On local solubility of Bao--Ratiu equations on surfaces related to the geometry of diffeomorphism group

TL;DR

This paper investigates the local existence of asymptotic directions for volume-preserving diffeomorphisms on surfaces, showing they exist under certain curvature conditions, by analyzing related degenerate Monge-Ampère equations.

Contribution

It proves local existence of asymptotic directions on surfaces with various curvature sign conditions, extending previous global non-existence results.

Findings

Asymptotic directions exist locally where curvature is positive, negative, or changes sign.

The analysis links Bao--Ratiu equations to degenerate Monge-Ampère equations of different types.

The results complement known global non-existence theorems for surfaces with positive curvature.

Abstract

We are concerned with the existence of asymptotic directions for the group of volume-preserving diffeomorphisms of a closed 2-dimensional surface $(\Sigma,g)$ within the full diffeomorphism group, described by the Bao--Ratiu equations, a system of second-order PDEs introduced in [On a non-linear equation related to the geometry of the diffeomorphism group, Pacific J. Math. 158 (1993); On the geometric origin and the solvability of a degenerate Monge--Ampere equation, Proc.

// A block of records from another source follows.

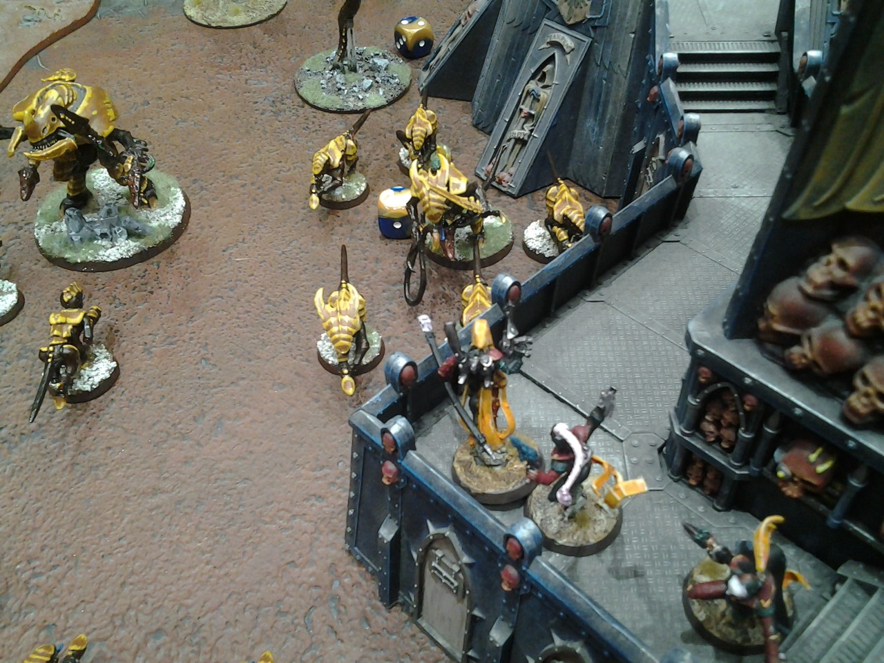 The Shadowseer casts Shards of Light on the Prime and brood and kills the five Termagants and puts a wound on the Prime. The Fire Prism shoots the larger brood and kills five Termagants.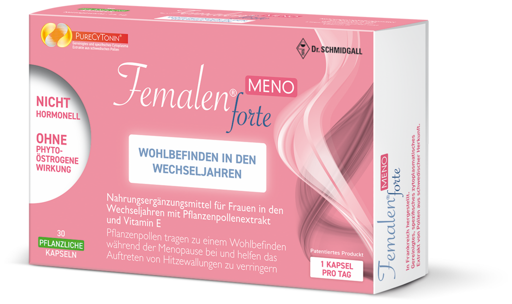 Femalen® forte MENO ist ein natürliches und hormonfreies Nahrungsergänzungsmittel mit dem patentierten Pollenextrakt PureCyTonin® und Vitamin E, das speziell für Frauen in den Wechseljahren entwickelt wurde. Es lindert sowohl körperliche als auch emotionale Beschwerden, die in dieser Lebensphase häufig auftreten, und verbessert so das allgemeine Wohlbefinden. Der enthaltene einzigartige Pflanzenpollenextrakt trägt zur Linderung typischer Wechseljahresbeschwerden wie Hitzewallungen, Stimmungsschwankungen, Nervosität, Schlafprobleme oder Müdigkeit bei.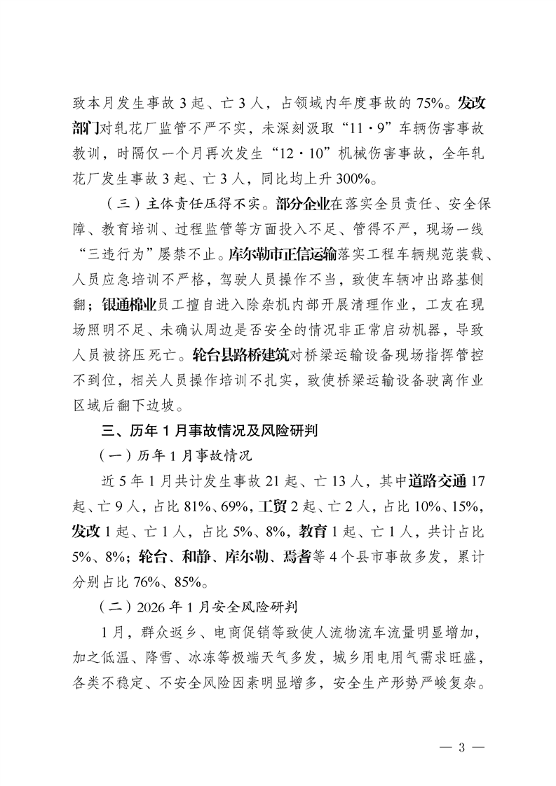 2025年12月自治州生产安全事故分析及2026年1月风险研判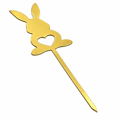 Пасхальный топпер из полистирола в виде золотого зайчика с сердечком — нежное и стильное украшение для вашей выпечки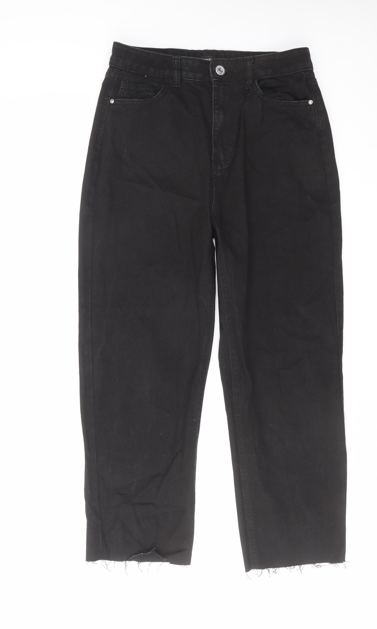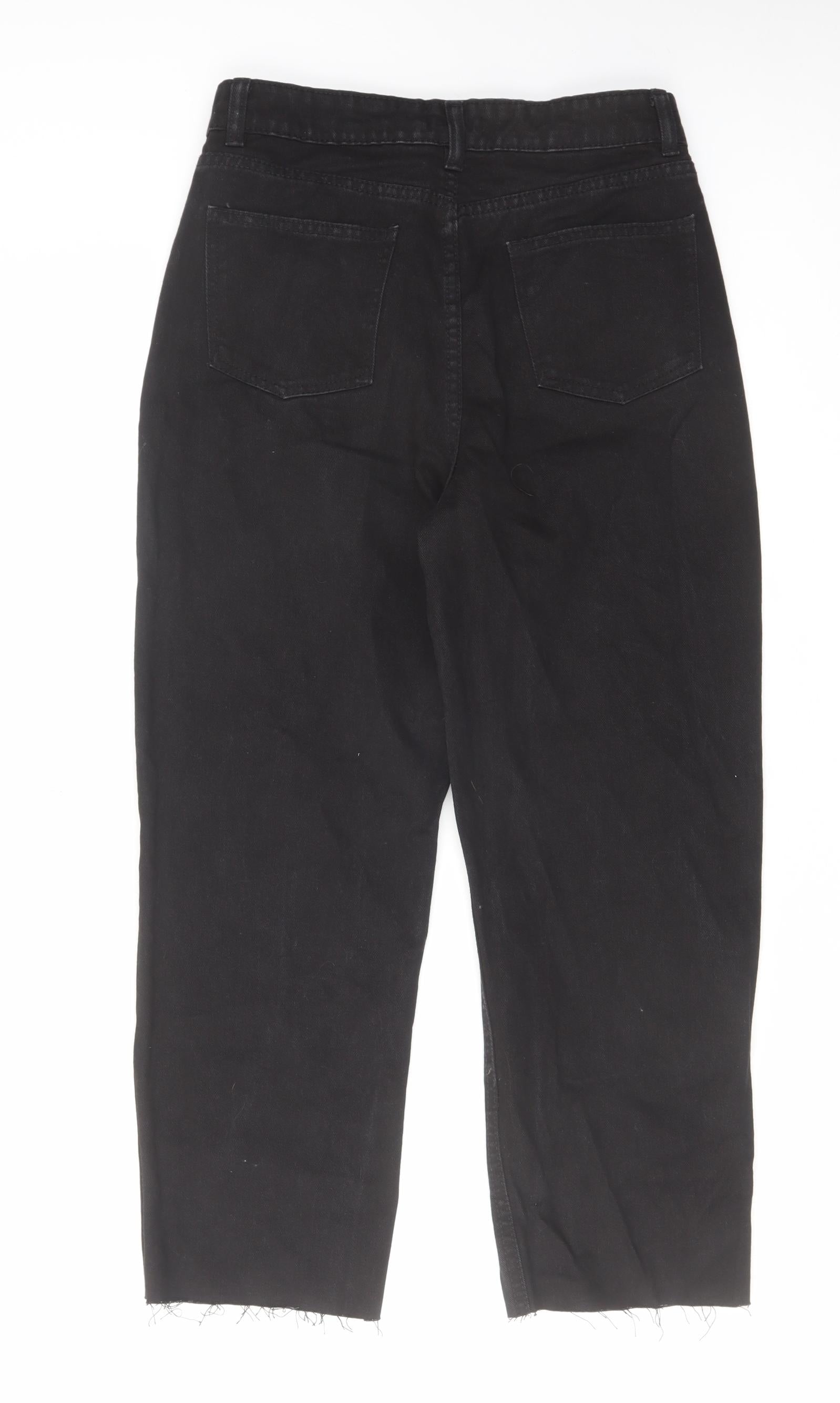Boohoo Womens Black Cotton Straight Jeans Size 10 L25 in Regular Zip - Raw Hem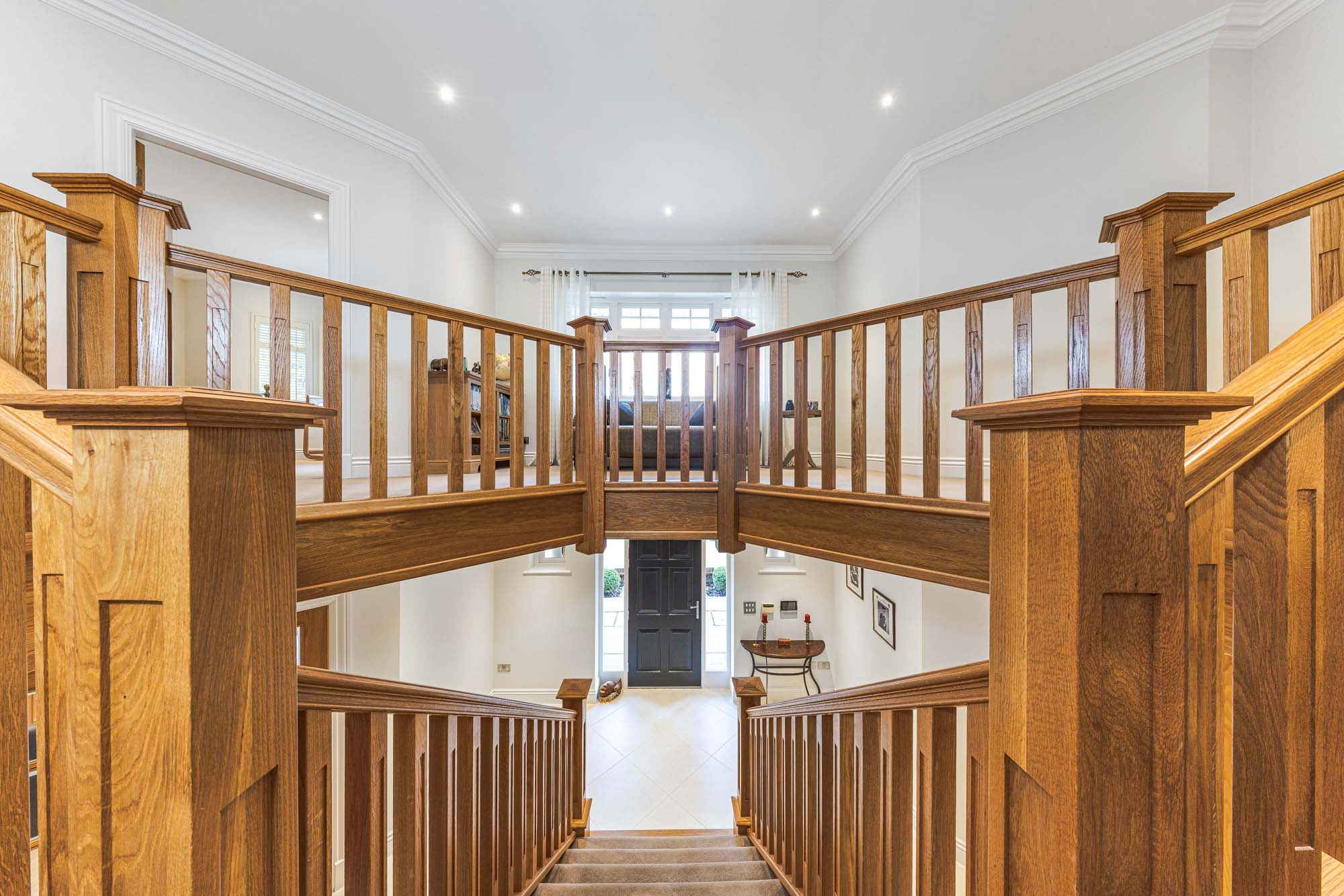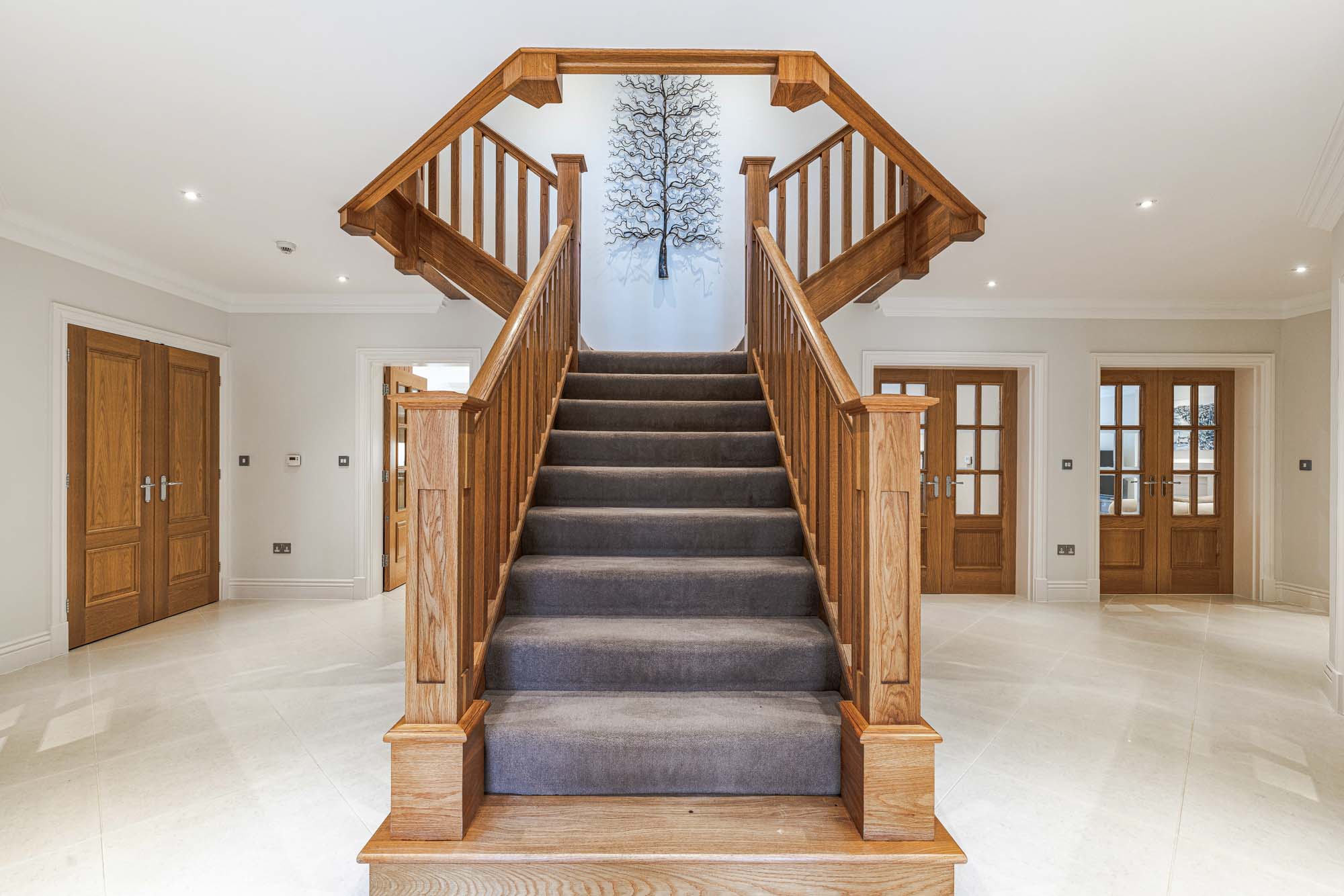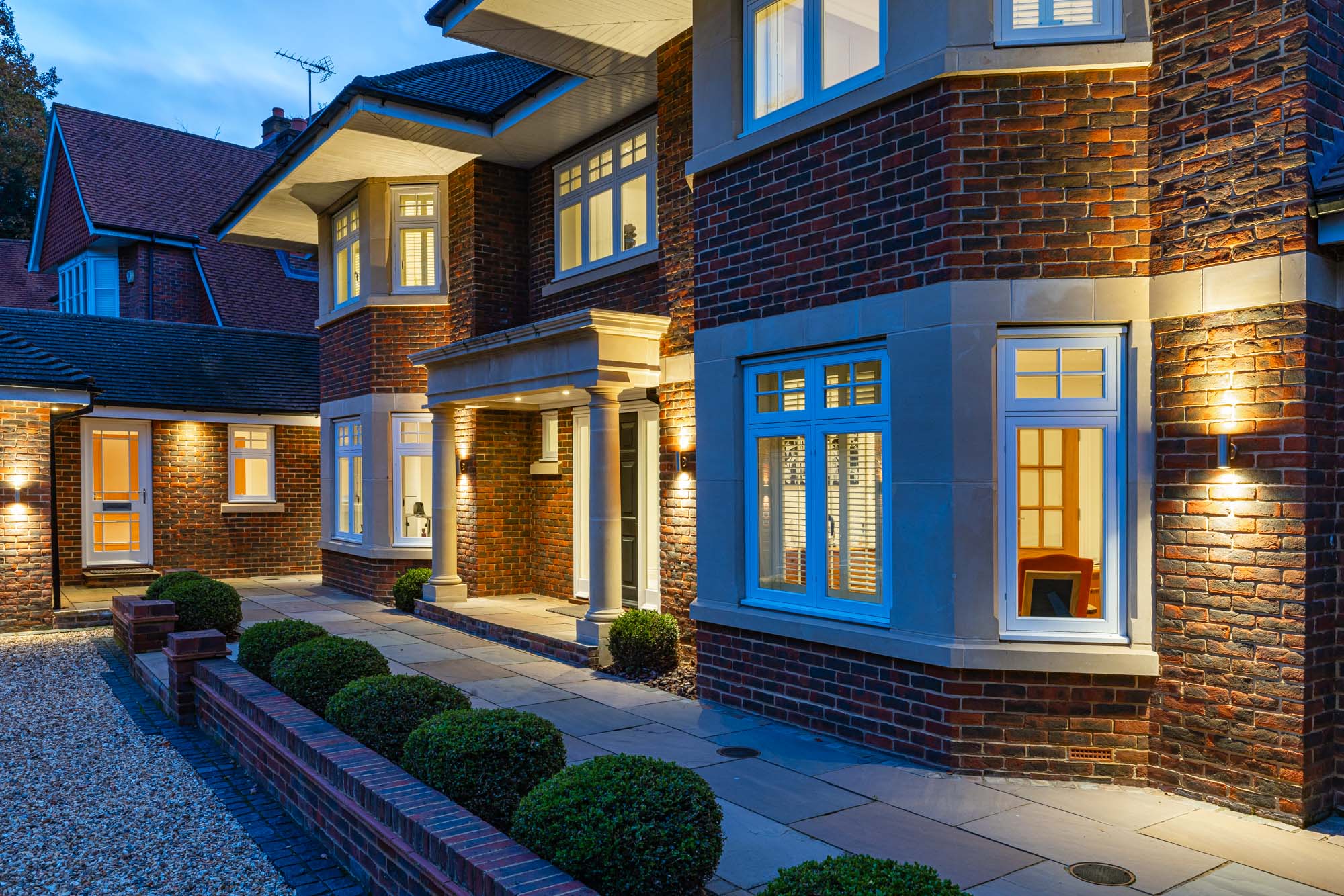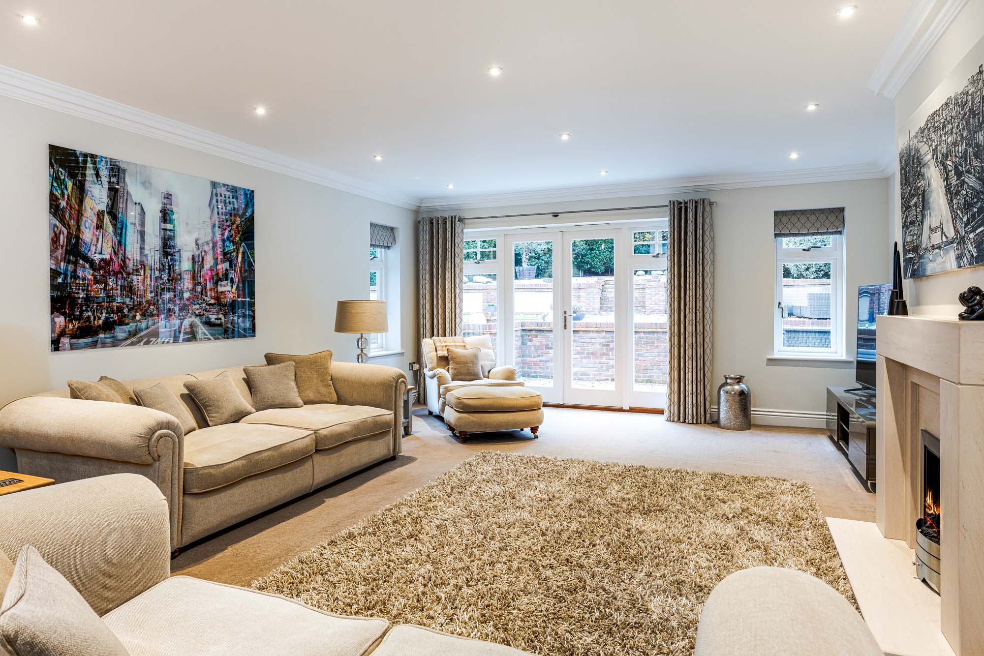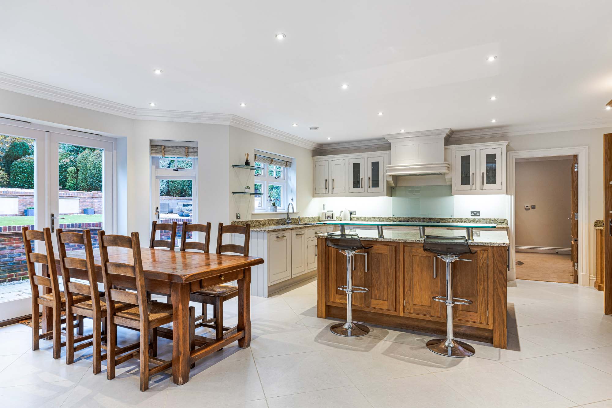 This home features an attractive design with security gates, extensive living space over 5000 sq. ft., multiple reception rooms, and four double bedrooms with en suites. The garden is landscaped with a large patio terrace and a wooded area.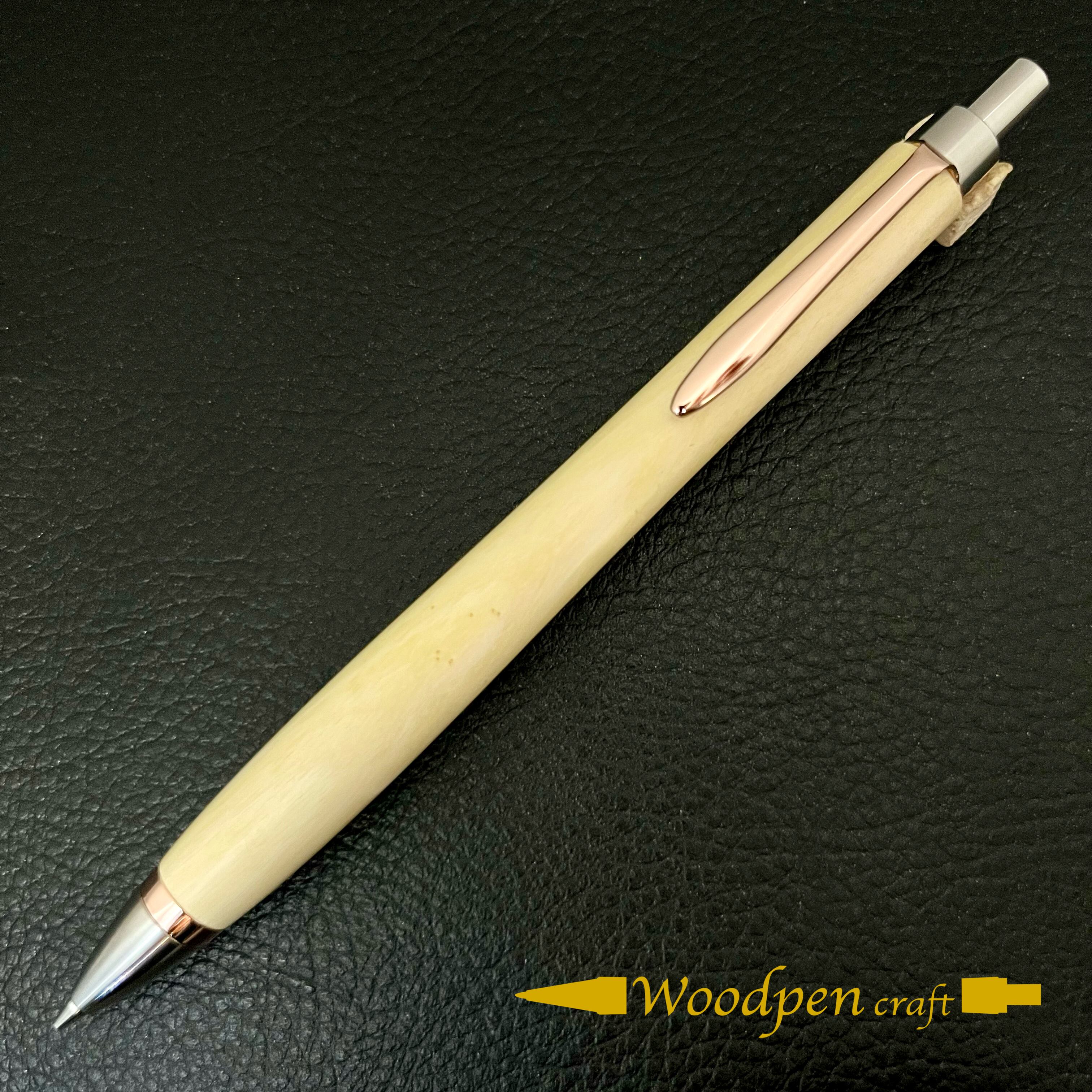 ペンシルは軸ブレが起こりにくい固定式口金を採用し、木の表情を最大限に楽しめる木軸の長さと、書き心地にこだわったバランスで金具を設計してあります。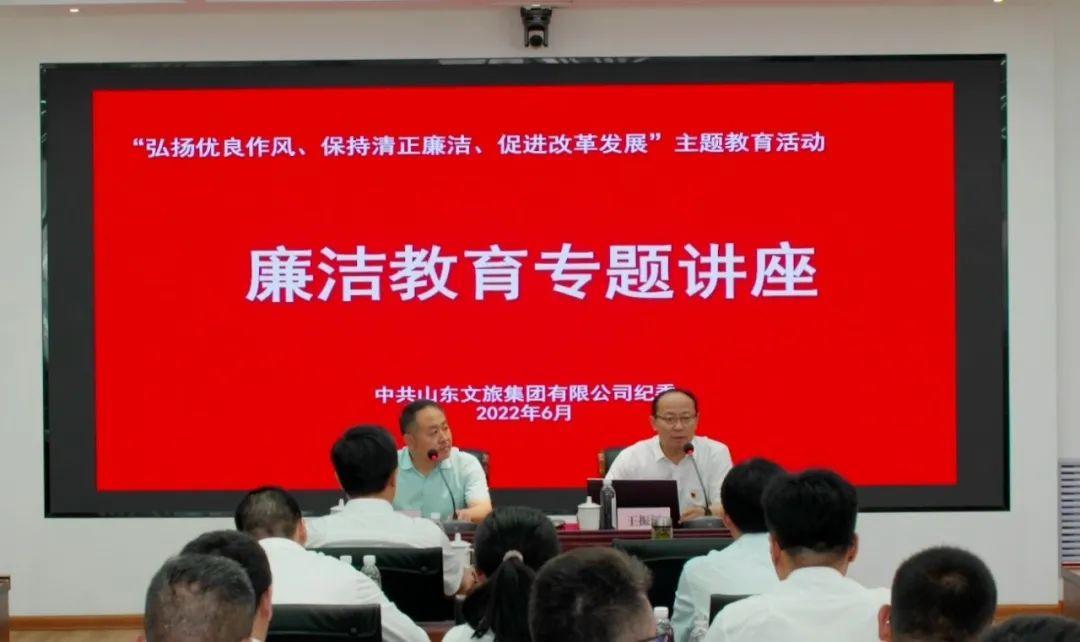 今年以来,山东文旅集团深入贯彻落实关于加强新时代廉洁文化建设要求,把加强廉洁文化建设作为一体推进不敢腐、不能腐、不想腐的基础性工程,提出打造“清廉文旅·山清水净”廉洁文化品牌,以“六个一”为载体扎实推进廉洁文化建设,通过开展一次廉洁教育讲座、举办一次书画摄影展、进行一次红色观摩、举行一次演讲比赛、组织一次党规党纪抢答赛、开展一次警示教育,大力营造清廉建设氛围,努力建设政治生态清朗清明、经营管理清廉高效、干部职工清正有为的“三清”文旅,为集团加快打造全国一流文旅集团和高质量发展营造风清气正的政治生态和干事创业的良好环境。

Symp. Pure Math. 54 (1993)]. It is known [The Bao--Ratiu equations on surfaces, Proc. R. Soc. Lond. A 449 (1995)] that asymptotic directions cannot exist globally on any $\Sigma$ with positive curvature. To complement this result, we prove that asymptotic directions always exist locally about a point $x_0 \in \Sigma$ in either of the following cases (where $K$ is the Gaussian curvature on $\Sigma$): (a), $K(x_0)>0$; (b) $K(x_0)<0$; or (c), $K$ changes sign cleanly at $x_0$, i.e., $K(x_0)=0$ and $\nabla K(x_0) \neq 0$. The key ingredient of the proof is the analysis following Han [On the isometric embedding of surfaces with Gauss curvature changing sign cleanly, Comm. Pure Appl. Math. 58 (2005)] of a degenerate Monge--Amp\`{e}re equation -- which is of the elliptic, hyperbolic, and mixed types in cases (a), (b), and (c), respectively -- locally equivalent to the Bao--Ratiu equations.